And death shall have no dominion

And death shall have no dominion est un poème du poète gallois Dylan Thomas. C'est le premier poème publié dans la presse en mai 1933 d'un jeune poète de 18 ans.

Le , deux ans après la publication de son premier recueil de poèmes 18 Poems, un deuxième recueil est publié au titre tout aussi neutre et modeste : Twenty-Five Poems dans lequel ce poème est repris. Ce deuxième recueil révèle la philosophie personnelle de Thomas concernant la religion et les forces de la nature ; ce poème And death shall have no dominion avait été pré-publié dans le magazine New English Weekly en .

Très connu dans les pays anglophones, ce poème est enseigné à l'école ; il est incorporé à certains films tels Le Poids de l'eau (de Kathryn Bigelow en 2000) et Solaris (la version de Steven Soderbergh en 2002).

Historique

Publication

Au début de l'année 1933, le jeune Dylan Thomas (à 18 ans) se lie d'amitié avec Bert Trick, un épicier travaillant dans le quartier d'Uplands à Swansea[1]. Trick était un poète amateur dont plusieurs poèmes ont été publiés dans des journaux locaux. Au printemps 1933, Trick suggère à titre de jeu, comme un défi et une compétition amicale, que tous les deux écrivent chacun de leur côté un poème sur le thème de « l'immortalité » face à la mort, pour voir qui pourrait écrire le meilleur poème sur ce thème difficile et plutôt religieux[2].

Le poème de Trick, publié dans un journal l'année suivante, contenait le refrain : “For death is not the end” (« Car la mort n'est pas la fin »)[3]. Toujours au même printemps 1933, dans un carnet marqué « avril », Thomas a écrit ce poème, déjà sous sa forme définitive : And death shall have no dominion (« Et la mort n'aura pas de pouvoir »).
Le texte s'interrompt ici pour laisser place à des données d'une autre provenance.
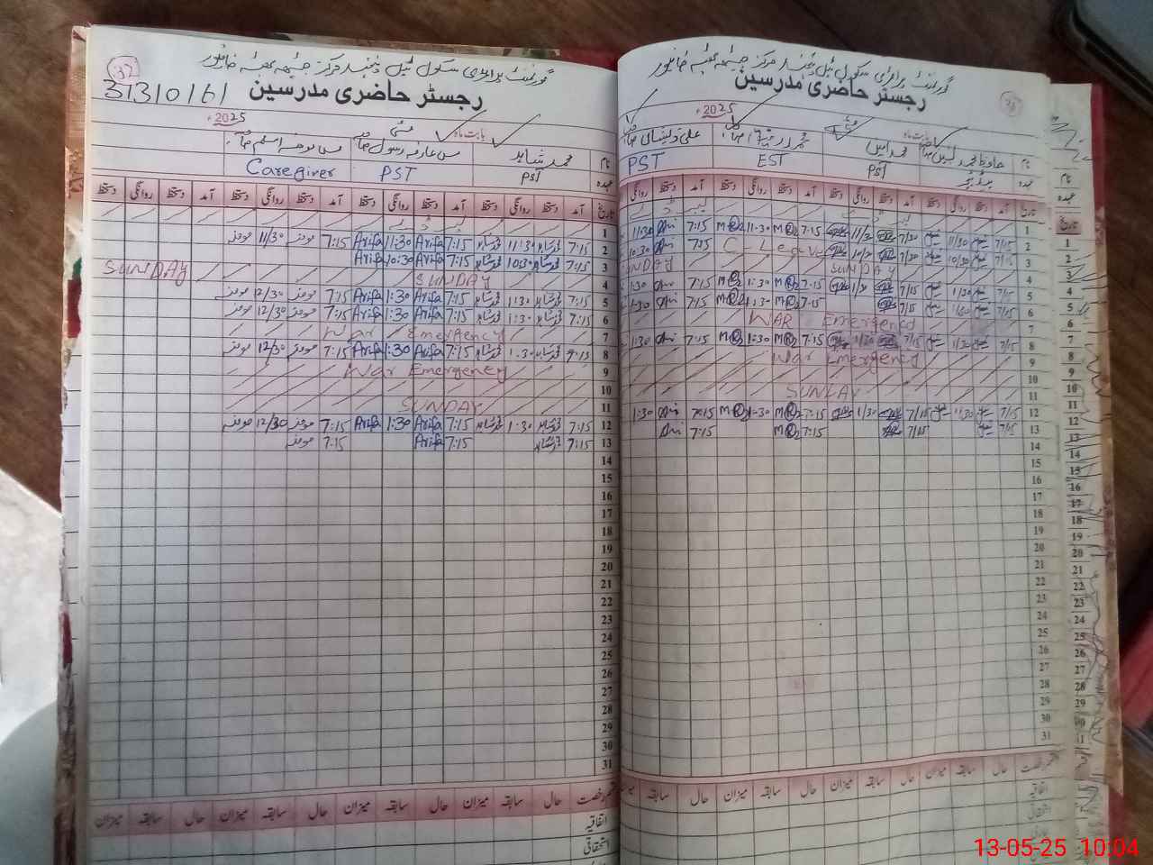 | CNIC | Full Name | Designation | R/C | Absence During Last Calender Month |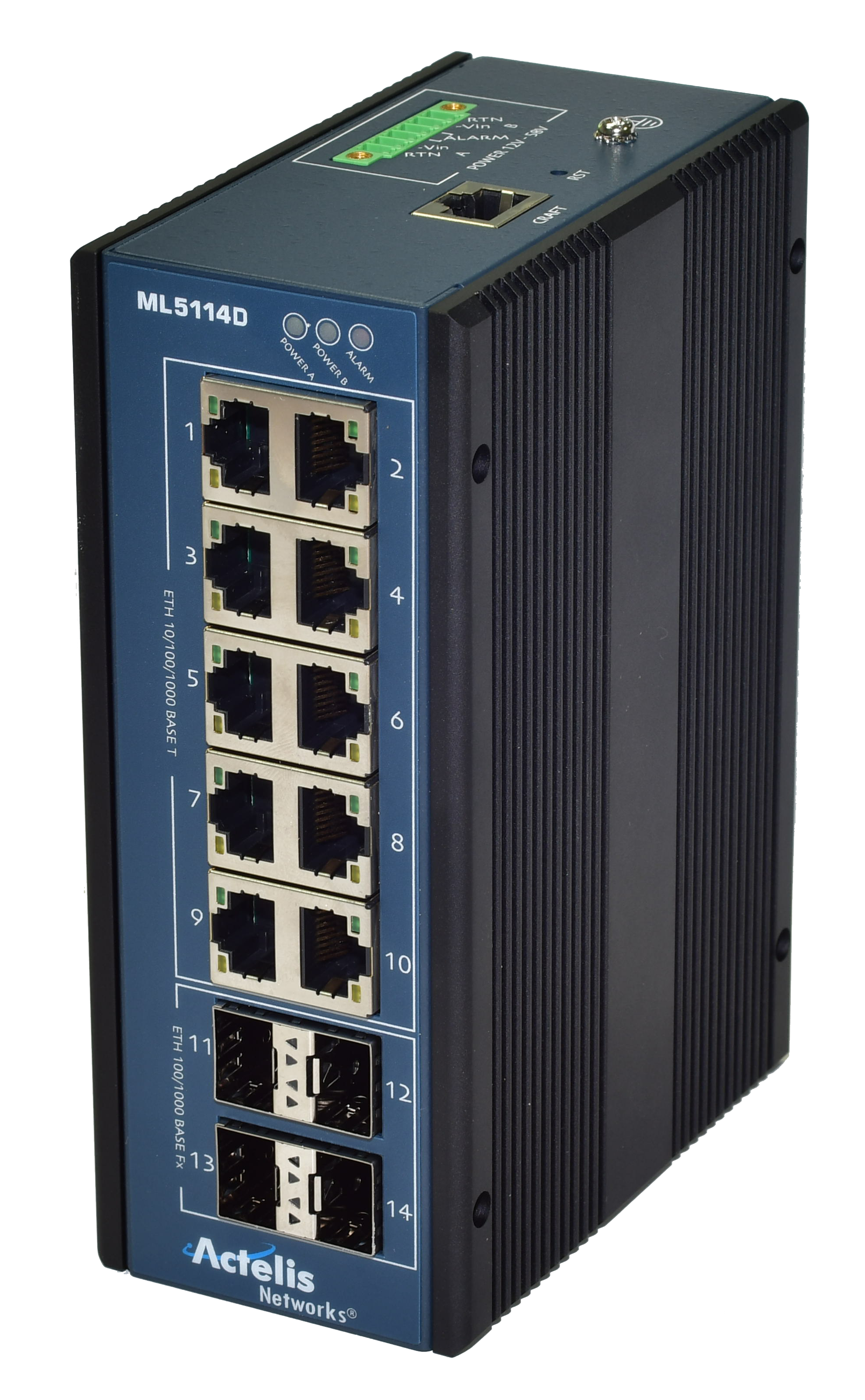 The Actelis Networks ML510D product line offers a cost efficient, compact, hardened, high density Ethernet switches. ML510Da flexible platforms support drop and continue, as well as linear and fast healing ring topologies topologies complementing Actelis' ML68xDx hybrid Fiber Copper solutions. ML510D offers up to 14 x 1Gbps interfaces and is an ideal solution for a variety of private enterprise, intelligent traffic network, Utilities, Military and service provider applications. With its superior density, environmental hardening, small form factor and fanless DIN rail mount design, the ML510D devices can be installed almost anywhere.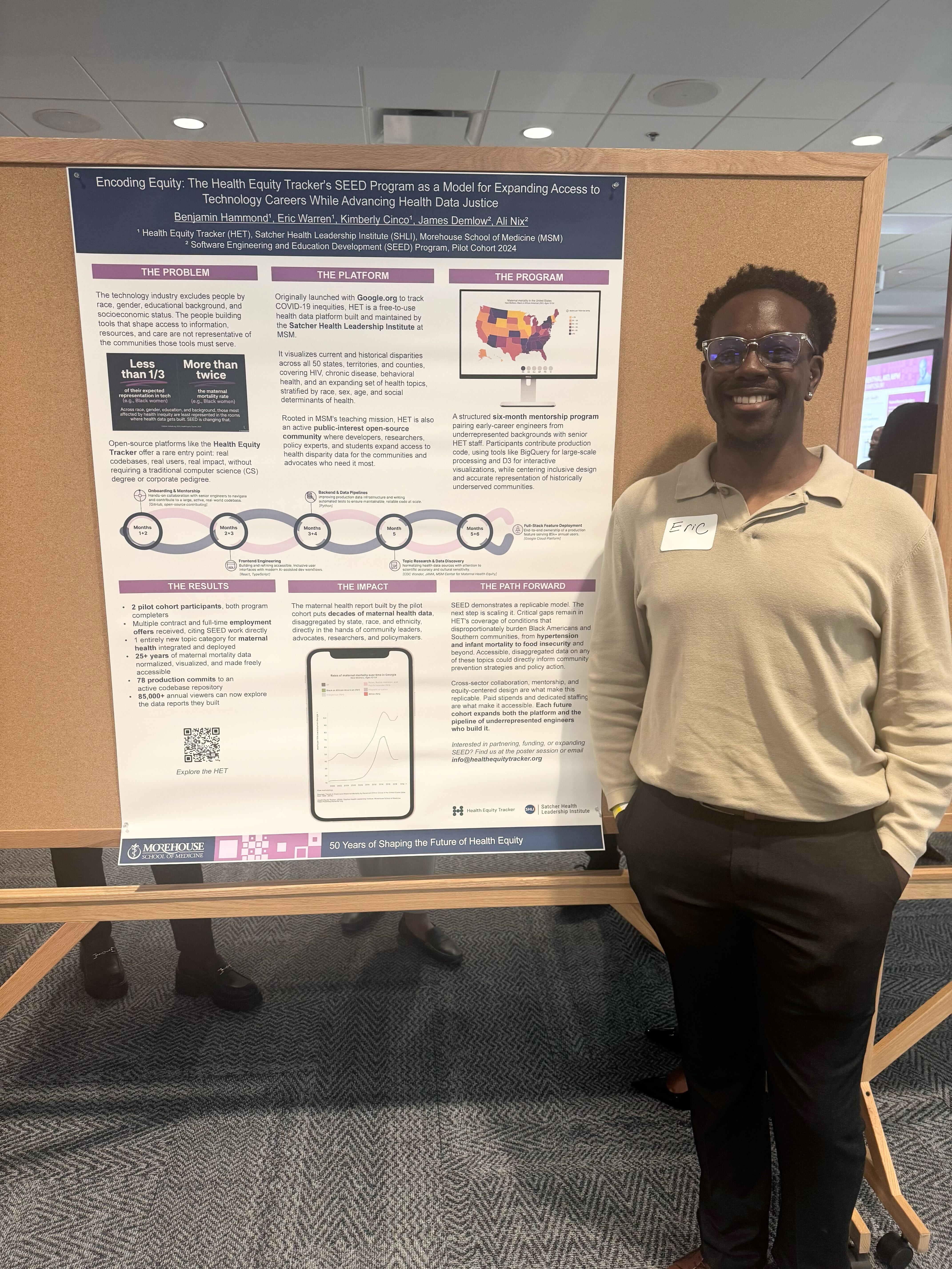 I was there representing the Health Equity Tracker (HET) and our Software Engineering and Education Development (SEED) program. The poster session was genuinely one of my favorite parts of the day. We had the chance to share how SEED is working to expand access to tech careers for engineers from underrepresented backgrounds while simultaneously advancing the HET's mission of making health disparity data freely accessible to everyone who needs it.
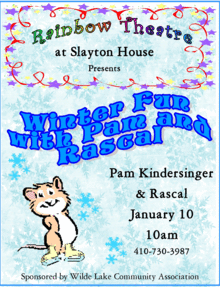 Rainbow Theatre at Slayton House will continue this season's series with a performance of "Winter Fun with Pam and Rascal" presented by Pam the Kindersinger on Friday, January 10, 2014. Interactive fun with songs, puppetry, storytelling and lots of humor. The performance is at 10:00am in the Slayton House Theatre in the Village of Wilde Lake in Columbia. Tickets may be purchased in advance for $5 each and may be available at the door for $6 each; exact cash or check only, no credit cards, no reservations and no refunds. Credit card purchases may be made at www.brownpapertickets.com. Group rates. For information call 410-730-3987 or email events@wildelake.org. Sponsored by Wilde Lake Community Association.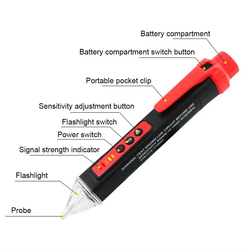-Легко читать-датчик NVC датчика может определить напряжение и дает звук и светильник, простой и четкий.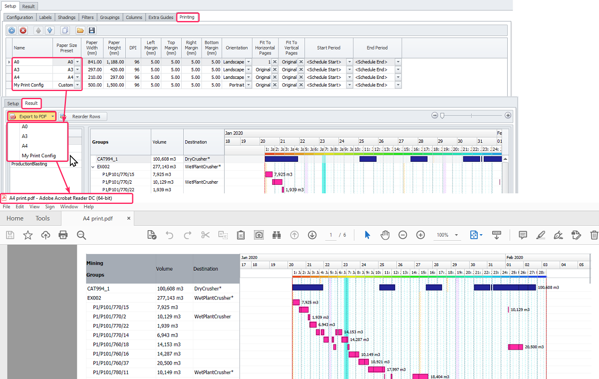 In the Result tab, press Export to PDF button and select one of the printing configurations.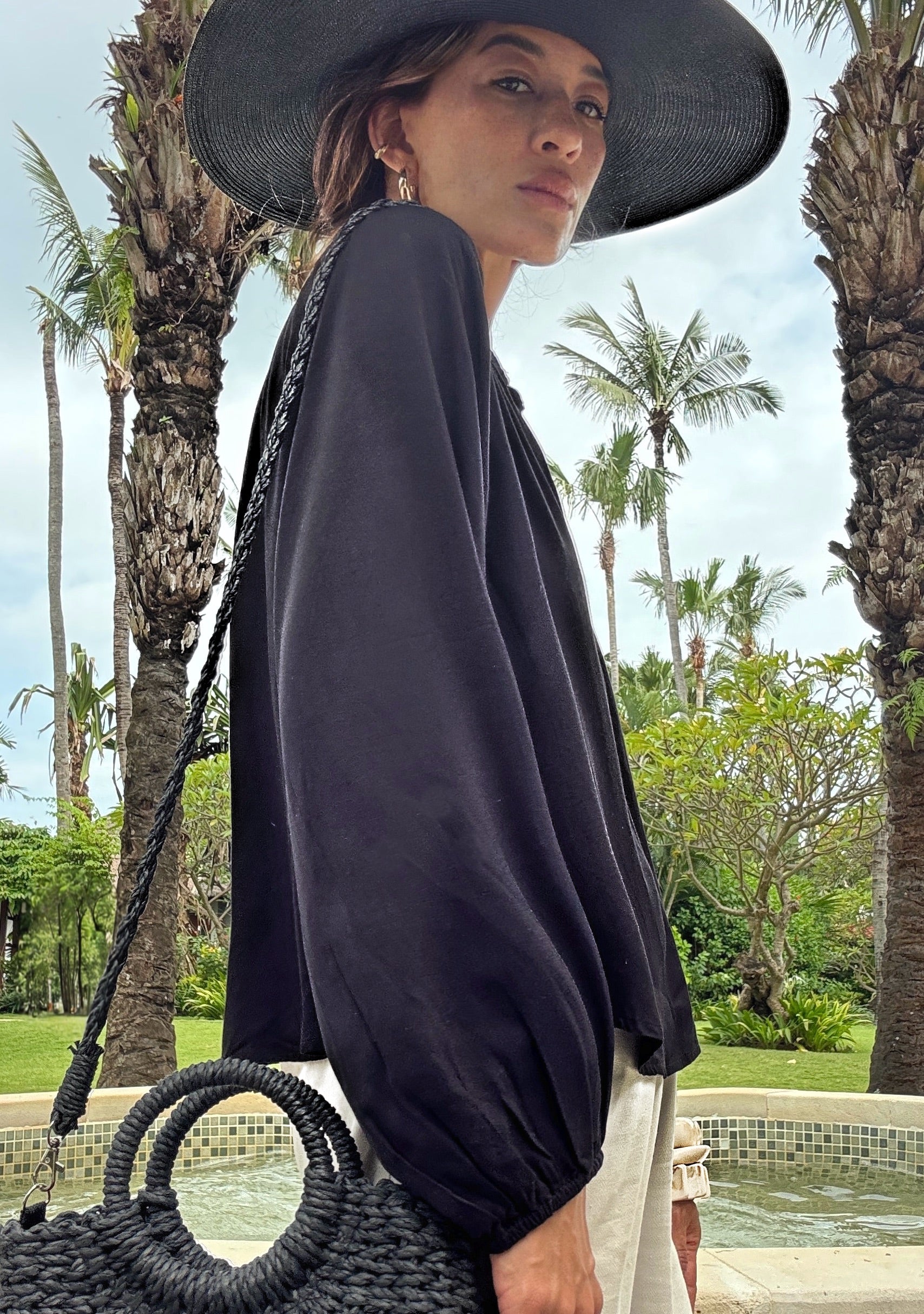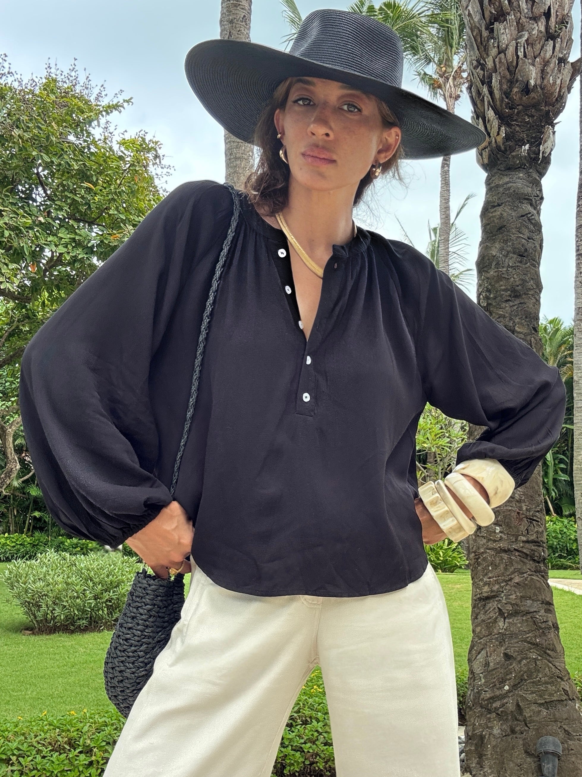 The Hemingway Top by Kenz & Kate is a timeless essential, crafted from soft, breathable rayon. Available in classic white and black, it features a button-front design and long sleeves with elastic cuffs that can be adjusted for a shorter look. Effortlessly versatile, it’s perfect for creating both casual and elevated styles.

Trick le persuade alors de chercher un éditeur, et en mai de cette année-là, il est publié dans le New English Weekly (en)[3].

Lorsqu'en 1936, Dylan Thomas en vient à publier son deuxième recueil de poèmes (25 poèmes), il y inclut ce texte, son tout premier poème publié qui témoigne déjà d'une étonnante maturité d'écriture à la versification subtile (assonances et rythme), et exprime à la fois l'originalité de ses métaphores et la maîtrise de son style, tout en contrastes marqués et en clair-obscur, avec des réminiscences bibliques et une tonalité clairement dramatique.
Et en effet, la critique insiste à l'envi sur la précocité poétique de Thomas et son talent d'acteur tout aussi précoce : « dès son plus jeune âge, Dylan Thomas [...] était reconnu pour sa précocité, son esprit espiègle et son talent poétique. Il était un « personnage » à l'école, obtenait un grand succès dans des rôles dramatiques [lors des cours et représentations de théâtre] et il était le rédacteur en chef du journal de l'école. Il a écrit et publié des poèmes chaque année de sa vie, de l'âge de onze ans jusqu'à sa mort à trente-neuf ans. Son premier recueil de poèmes a été accepté pour publication à l'âge de dix-neuf ans et a fait sensation dans le tout Londres littéraire. Et il est devenu [en pleine jeunesse] l'archétype du Poète de son époque »[4].

Inspiration

Selon Ralph Maud[2], le titre-refrain de ce poème est tiré de l'Épître de saint Paul aux Romains (6:9) : « Nous le savons en effet : ressuscité d’entre les morts, le Christ ne meurt plus ; la mort n’a plus de pouvoir sur lui »[5]. En outre le poème s'appuie sur une imagerie souvent empruntée aux Devotions upon Emergent Occasions, and severall steps in my Sicknes (en) de John Donne (1624)[2].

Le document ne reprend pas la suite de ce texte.